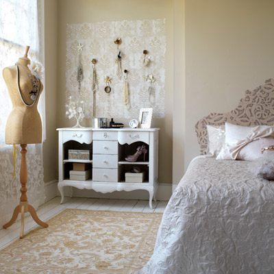 Izložite svoje stvari tako što ćete dodati čipkani uzorak na zid i prikačiti kuke za njega - odličan način za pokazivanje nakita.
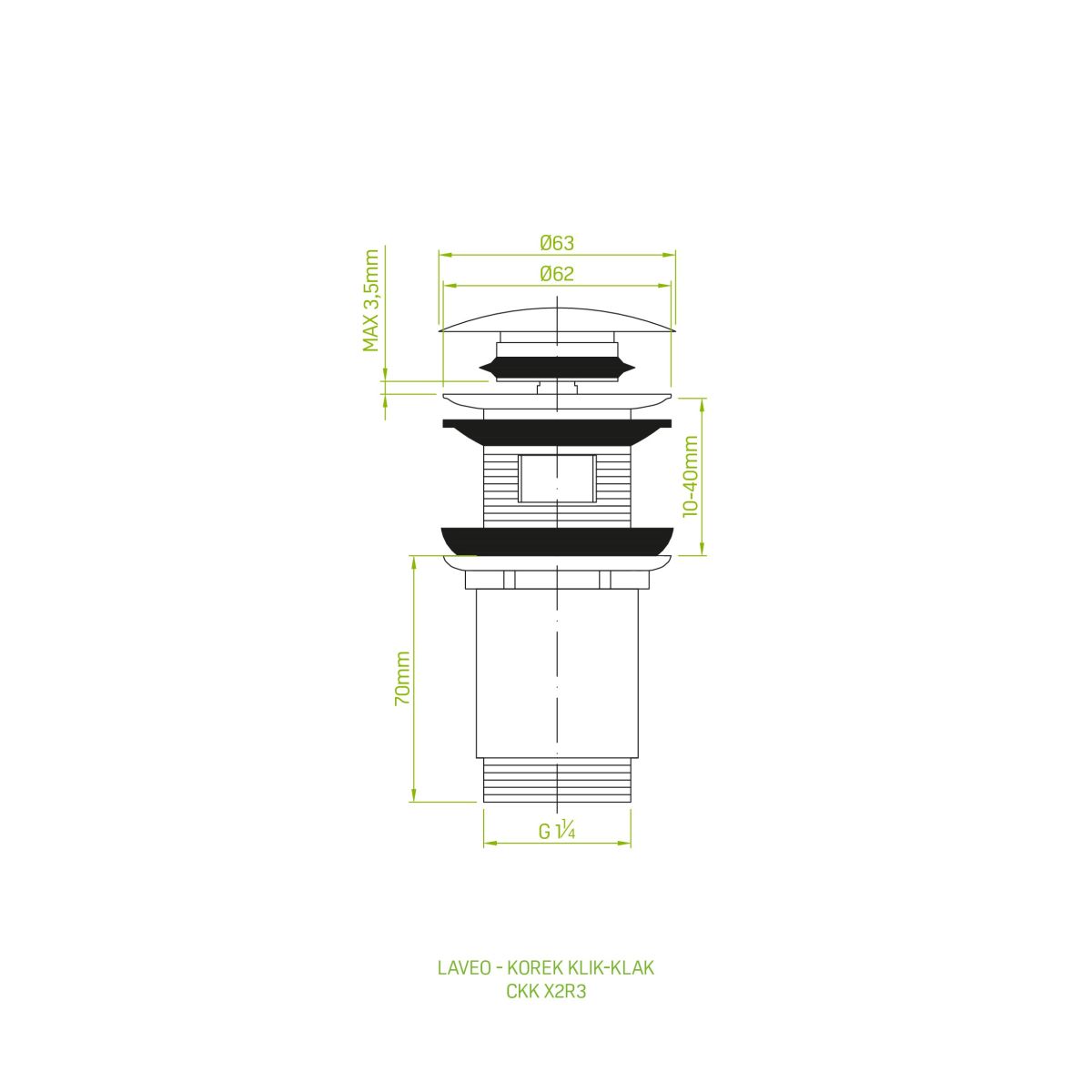 Dop de scurgere cu clic-clac, cu deversare și manșon pentru chiuvetă.
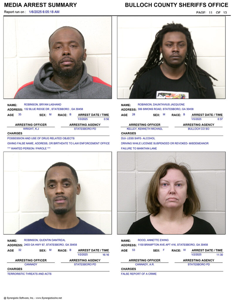 These records are matters of public information provided by the Bulloch County Sheriff’s Office. Booking reports are details of arrests only. All persons below are considered to be innocent unless proven otherwise in a court of law.
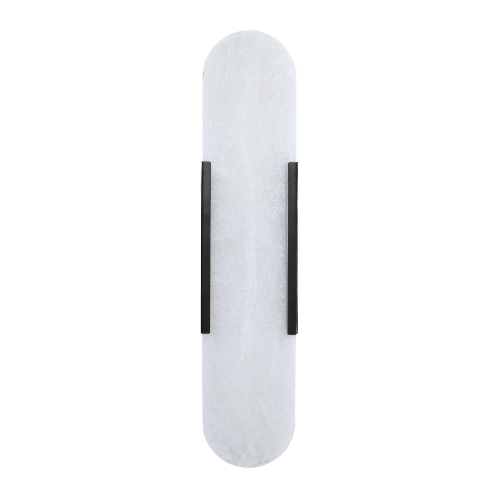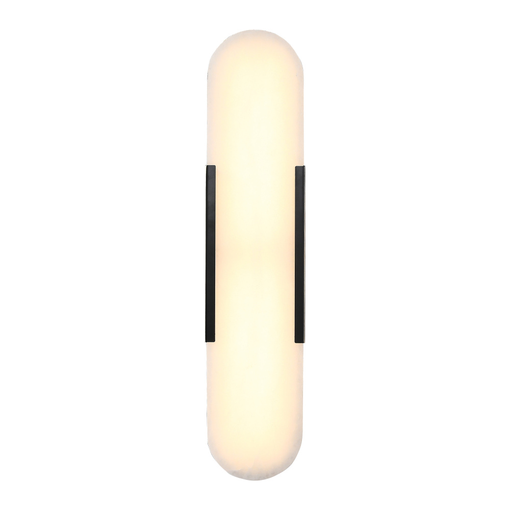 A sleek vertical sconce crafted from natural alabaster, softly illuminated by integrated LED light. Framed with refined metal accents in brushed brass or matte black, it brings a warm glow and modern elegance to hallways, bathrooms, or bedside spaces.
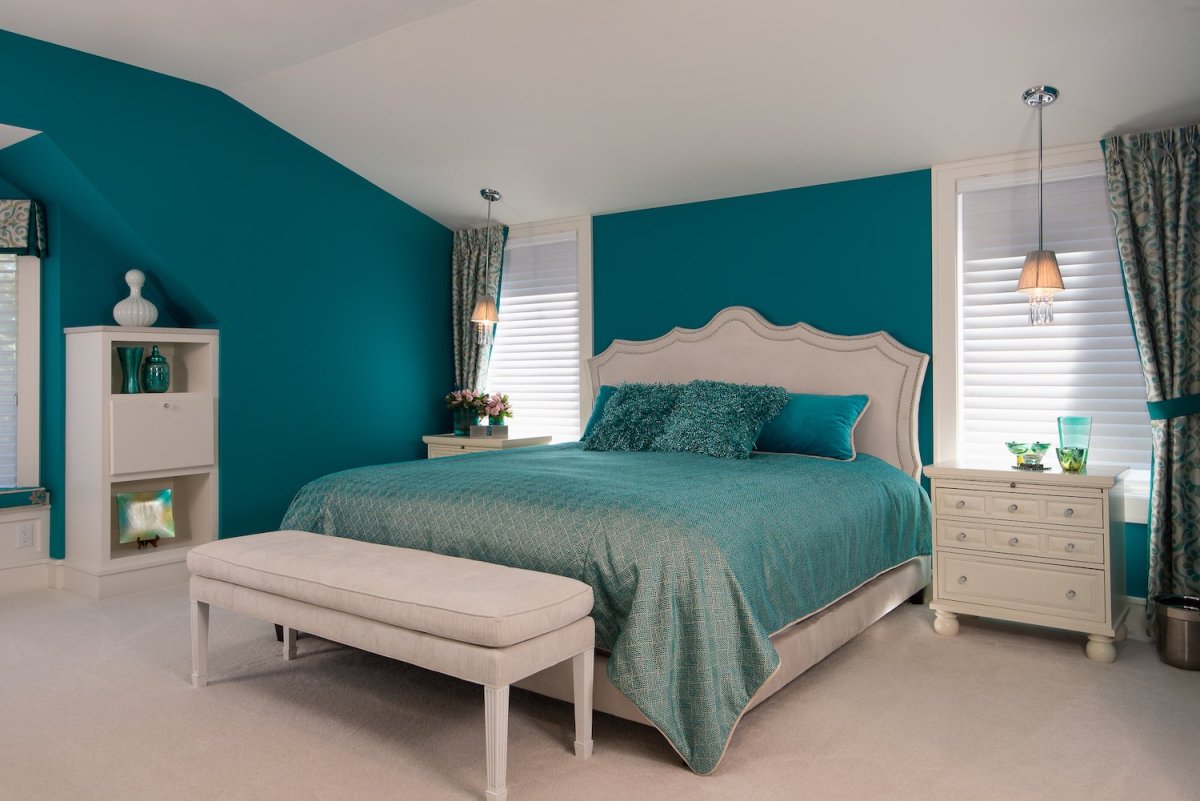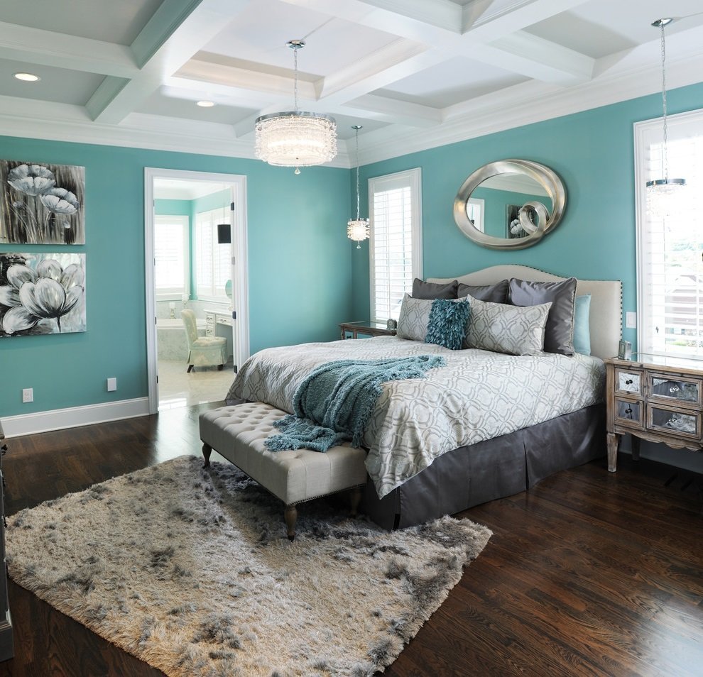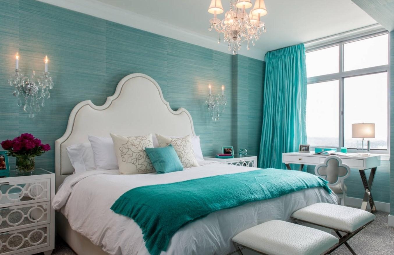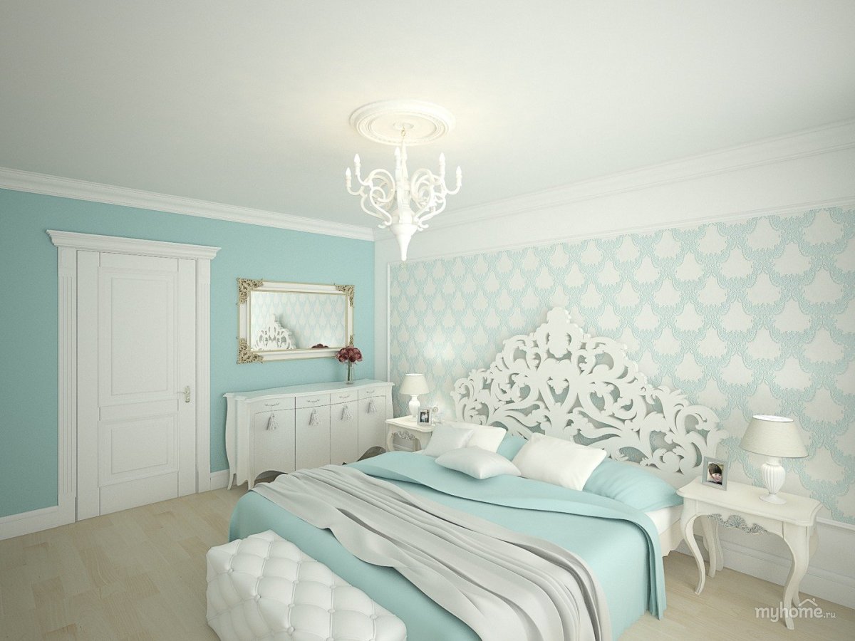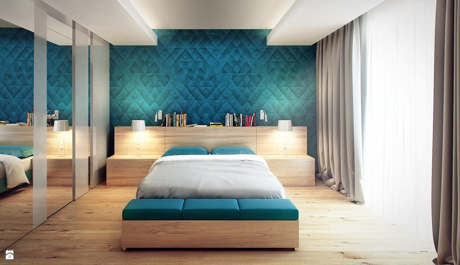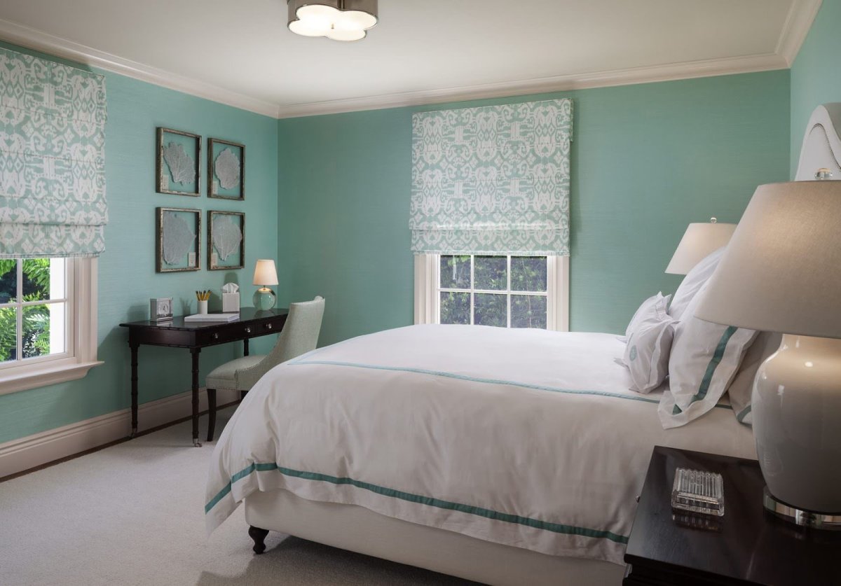 Спальня в современном стиле в светлых тонах с зеленым покрывалом

########################################

Begin at the first line of the records and please reproduce every line exactly through the one containing "These records are", leaving all pictures out.

 Izložite svoje stvari tako što ćete dodati čipkani uzorak na zid i prikačiti kuke za njega - odličan način za pokazivanje nakita.
 Dop de scurgere cu clic-clac, cu deversare și manșon pentru chiuvetă.
 These records are matters of public information provided by the Bulloch County Sheriff’s Office. Booking reports are details of arrests only. All persons below are considered to be innocent unless proven otherwise in a court of law.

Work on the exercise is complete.